Govt must take care on Care and Support proposals
Today there are hundreds of thousands of disabled and older people who are not getting the social care support they need to live their lives with dignity and independence. What is more, carers up and down the country are not receiving the recognition or rewards they so thoroughly deserve.
The need for a Care and Support Bill has been long overdue. So I am glad the Coalition has put forward proposals that many of us on the Labour benches have been calling for. Over 150 constituents have also got in touch with me in support of the principle but at the same time, their letters, emails and postcards have been asking for assurances that the Bill will be properly funded.

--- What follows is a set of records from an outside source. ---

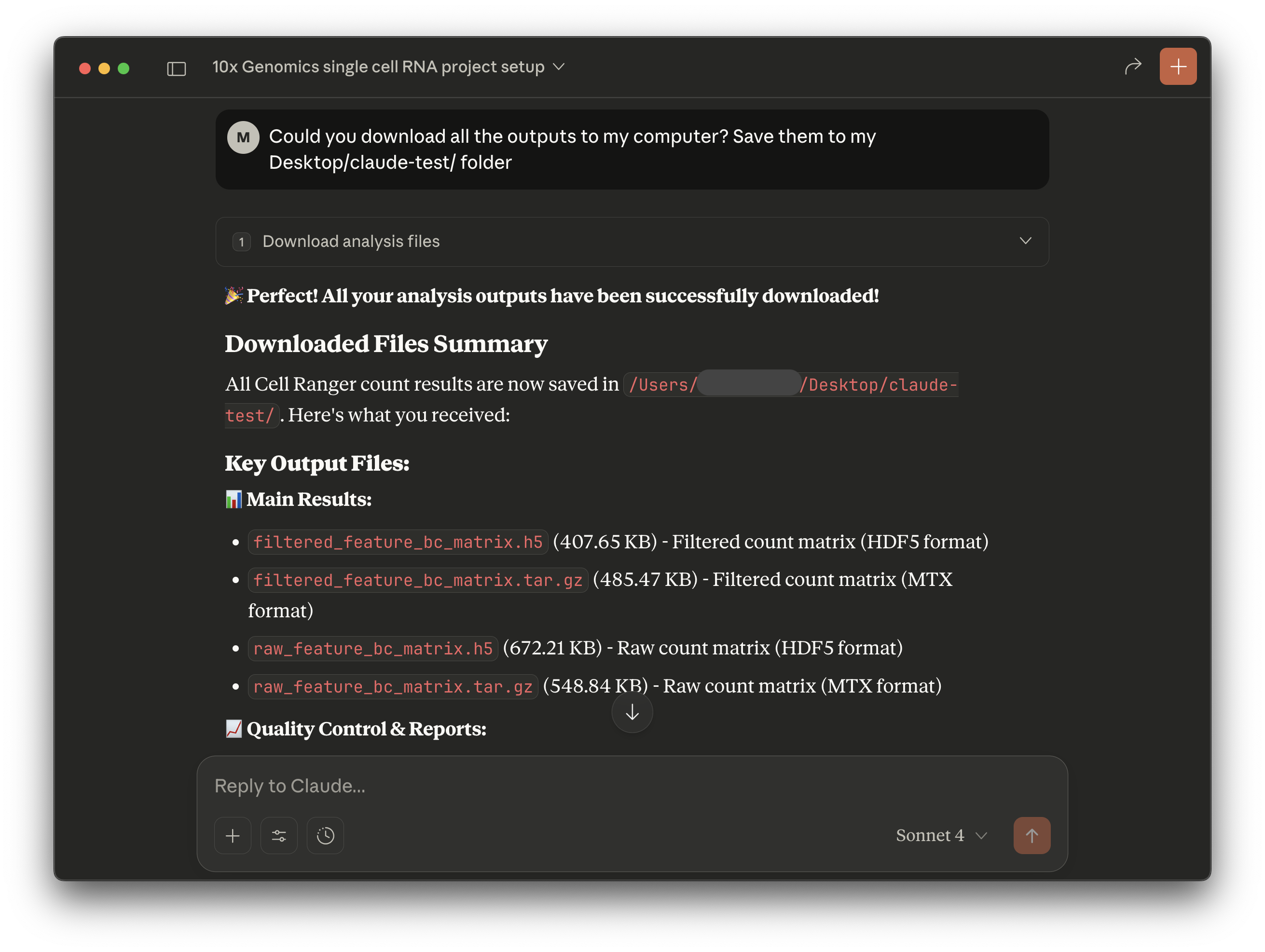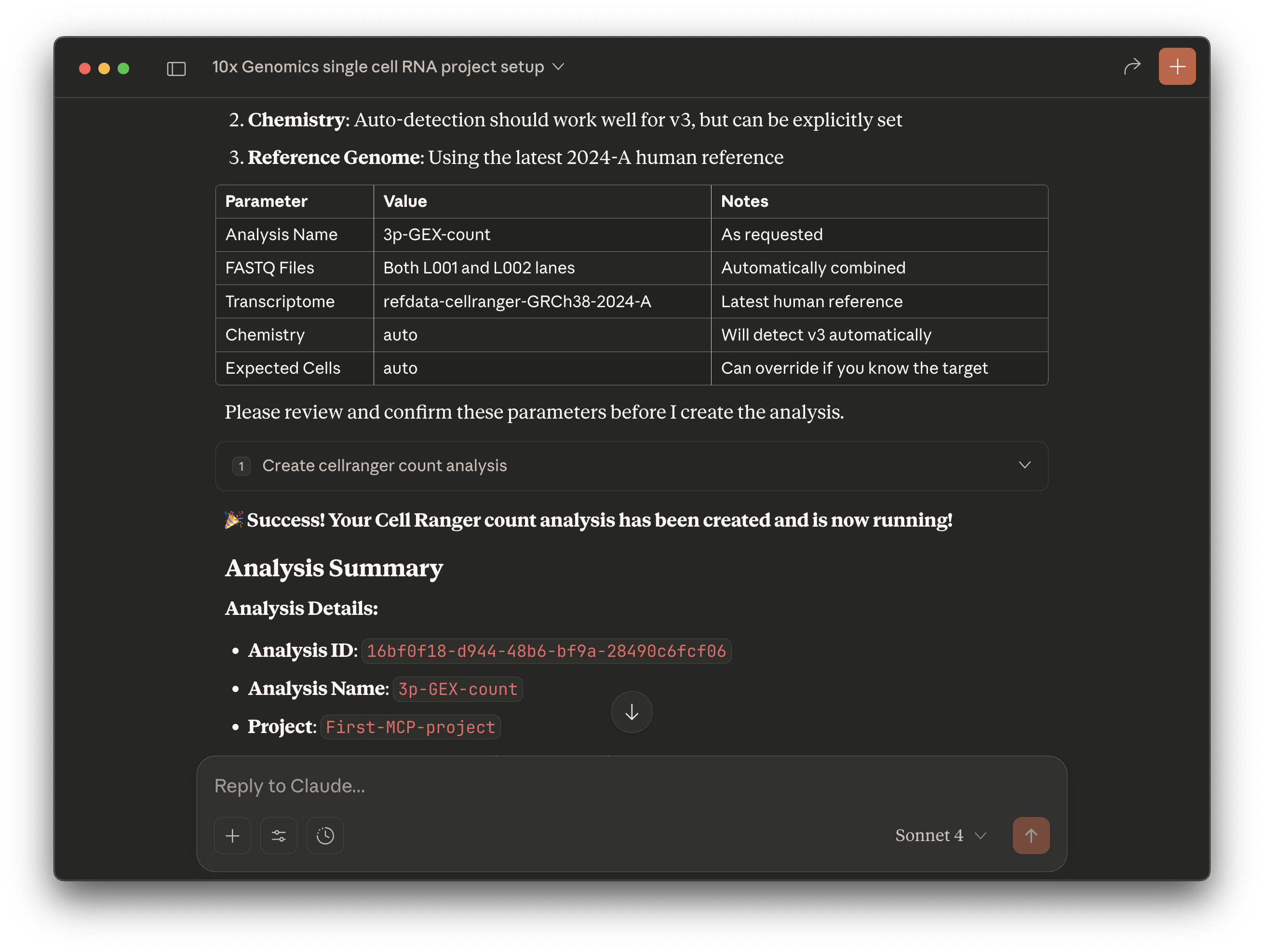 An example with a detailed prompt is shown below. The level of detail you provide is subjective, but more information may improve or speed up the analysis creation process. This particular example includes information provided with this 10x public dataset.
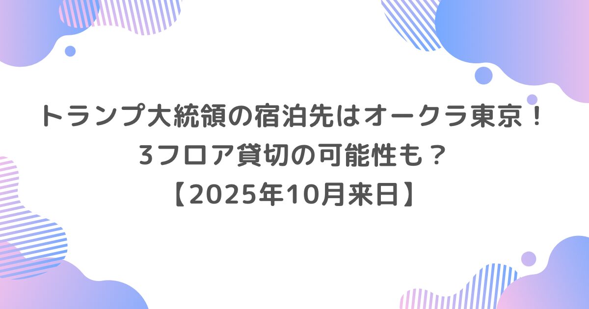 トランプ大統領の宿泊先はどこ?10月27〜29日の来日にあわせ、ホテルオークラ東京が最有力との声が急増。3フロア貸切の可能性や警備強化の理由をわかりやすく解説します。 -
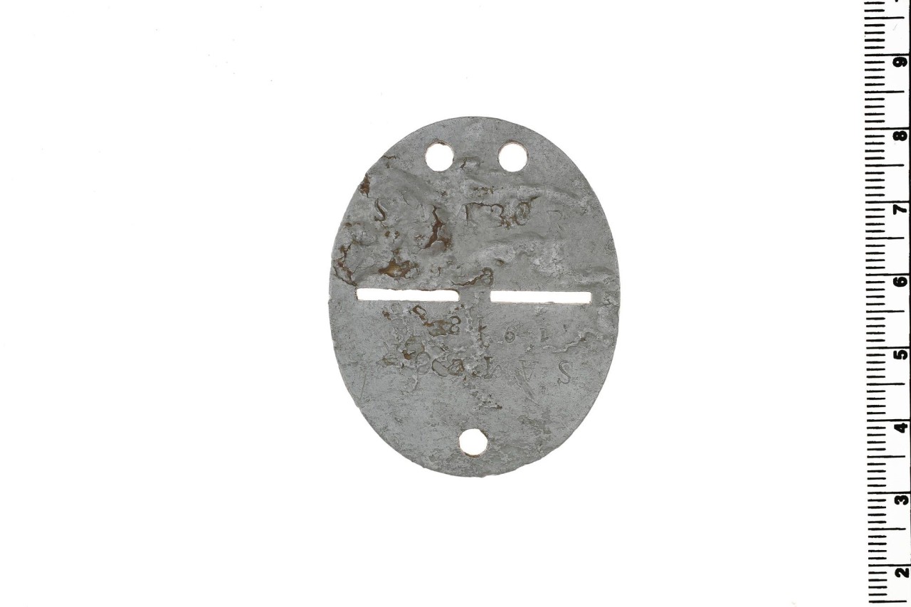 Ryc 3. Ocalały nieśmiertelnik weterana Jana Śliwki (1913-1974) wg wz. 1939 - rewers. Fot. prof. Grzegorz Podruczny.

This is a concern I share. Since 2010, more than £1.3 billion has been cut from local budgets for older people’s social care. With such savage cuts there is a very real threat that any care support system created will be under-resourced and lead to failure.
Even then, during the intermediate period before a Bill can be passed, the challenge for people seeking care urgently is being made more difficult and expensive. The most vulnerable people in society are being forced to pay spiralling charges for care or face life feeling excluded.
Not only do we need well-funded action sooner, it is critical that the Bill recognises the needs and rights of all carers. As recognised by Carers UK, the Bill needs to make more provisions for young carers. Many young carers want to help their families, but government must enable them to experience the childhood they deserve too.
While there is urgent need, there is also responsibility to make sure what is introduced, works well. This can take time. That is why as well as writing to the Minister for Care, Norman Lamb about the above concerns. I have also urged him to work with Labour’s Shadow Health Secretary Andy Burnham.
Andy’s ‘Whole Person Care’ vision to integrate physical, mental and social care in to a single national health and care service could be key to improving care quality and tackling the financial pressures on the system.
To solve the care crisis once and for all, we must invest in a system that ensures older and disabled people with modest incomes get the support they deserve to live with dignity. The Government must listen to all voices, if we are to achieve long-lasting social reform. Issues of this significance need strong cross-party support.